- Coat of arms of Eswatini
- Incumbent Sifiso Mashampu Khumalo since 2017
- Ministry of Justice and Constitutional Affairs
- Seat: Mbabane
- Appointer: King of Eswatini
- Term length: At His Majesty's pleasure
- Formation: Pre-independence (colonial era)
- Website: Government of Eswatini

= Attorney-General of Eswatini =

Principal legal adviser to the Eswatini government

The Attorney-General of Eswatini is the principal legal adviser to the government of Eswatini and the King of Eswatini. The Attorney-General (AG) is appointed by the King of Eswatini and is responsible for providing legal guidance on constitutional, legislative and administrative matters. The AG also oversees state litigation and legislative drafting. The office of the Attorney-General is established under Section 77 of the Constitution of Eswatini.

==Responsiblities==
The office has its origins in the colonial legal administration of Swaziland (now Eswatini) and was carried into independence. One of the earliest known post-independence Attorneys-General was Majahenkaba Dlamini, who served from the early 1980s until 2017.
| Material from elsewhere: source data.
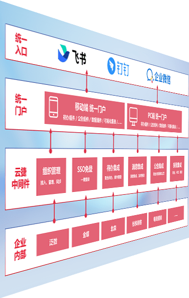 对协作平台提供支持服务,,,支持企业应用与协作平台对接,,,包含组织同步、、、消息集成、、、、待办集成等。。。。支持目前主流的协作平台:钉钉、、企微和飞书。。。。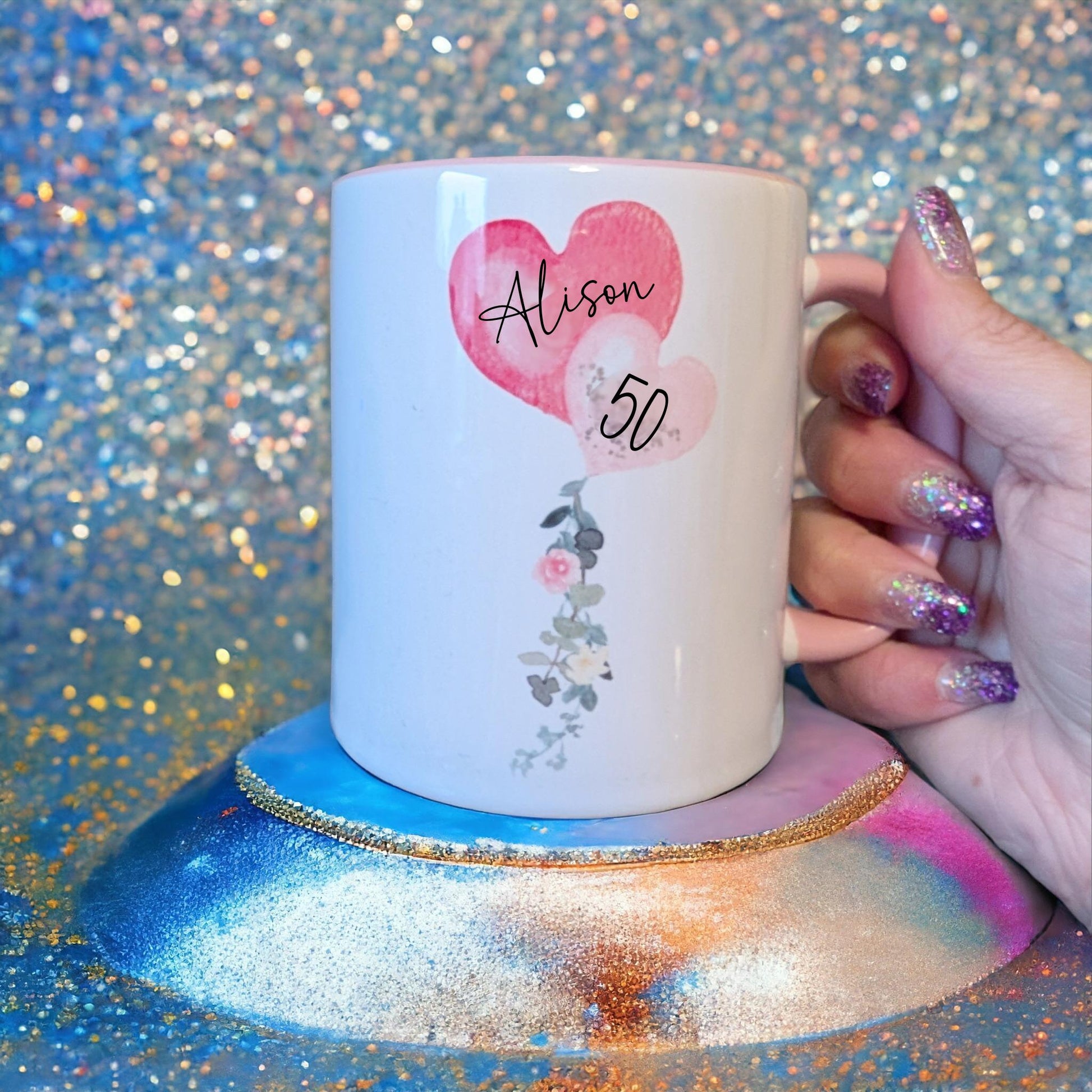 Personalised Mug Birthday Pink Balloon Cup Gift For Her, 18th, 21st, 30th, 40th, 50th, 60th Birthday Present Girlfriend Wife Best Friend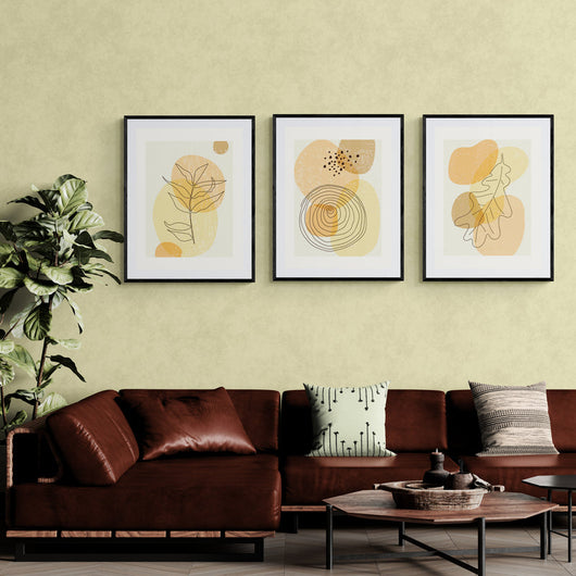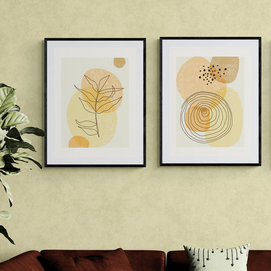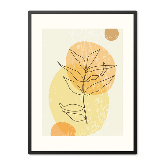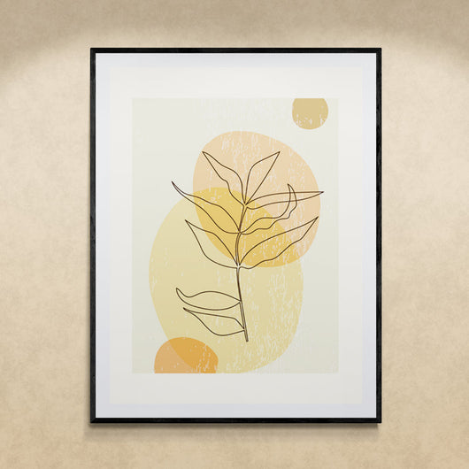 Deze ingelijste poster Kunstig Bladertak met een abstracte bladertak is een kunstzinnige verkenning van natuurlijke vormen en kleuren. De tak met bladeren wordt weergegeven in zijn essentiële vormen. Dit kunstwerk dient niet alleen als een prachtige decoratie, maar ook als een springplank voor diepere gedachten en gesprekken over de schoonheid van de natuurlijke wereld weergegeven in een abstract schilderij.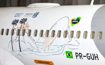 Boeing 737-800 ganha pintura especial em homenagem ao estado, ilustrando ícones como o Convento da Penha, a Pedra Azul e...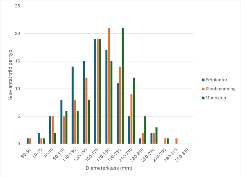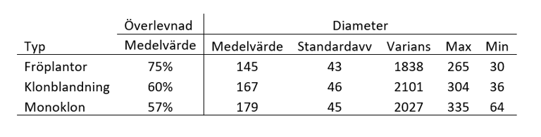 Den variation som finns i diameter mellan de tre sorterna skiljer sig inte och alla uppvisar dessutom en normalfördelningsliknande distribution av diameterklasser, dock med olika medelvärden. De inmätta skadorna är ytterst få och inga skillnader går att utläsa från dessa. Resultaten överensstämmer med en tidigare studie som inte såg några signifikanta skillnader i standardavvikelse för vare sig höjd eller diameter mellan monoklonytor och fröplantsytor. Resultaten styrks också indirekt av att den övervägande delen av ett träds fenotypiska variation i tillväxt beror av miljön och endast en mindre del av variationen är genetiskt styrd.

According to the official government portal, the Attorney-General’s responsibilities include:
- Providing legal advice to the Cabinet of Eswatini, ministries, and the monarchy.
- Drafting legislation and statutory instruments.
- Representing the state in civil and constitutional litigation.
- Vetting contracts involving the government.
- Overseeing legal reform and law revision.
- Participating in treaty and international legal negotiations.

== Appointment and Tenure ==
The Attorney-General is appointed by the King of Eswatini on the advice of the Minister for Justice and in consultation with the Judicial Service Commission. The tenure is held at the King's pleasure and is not subject to a fixed term.

== Incumbent ==
The current Attorney-General is Sifiso Mashampu Khumalo, appointed in 2017 to take over from the longest serving Majahenkaba Dlamini.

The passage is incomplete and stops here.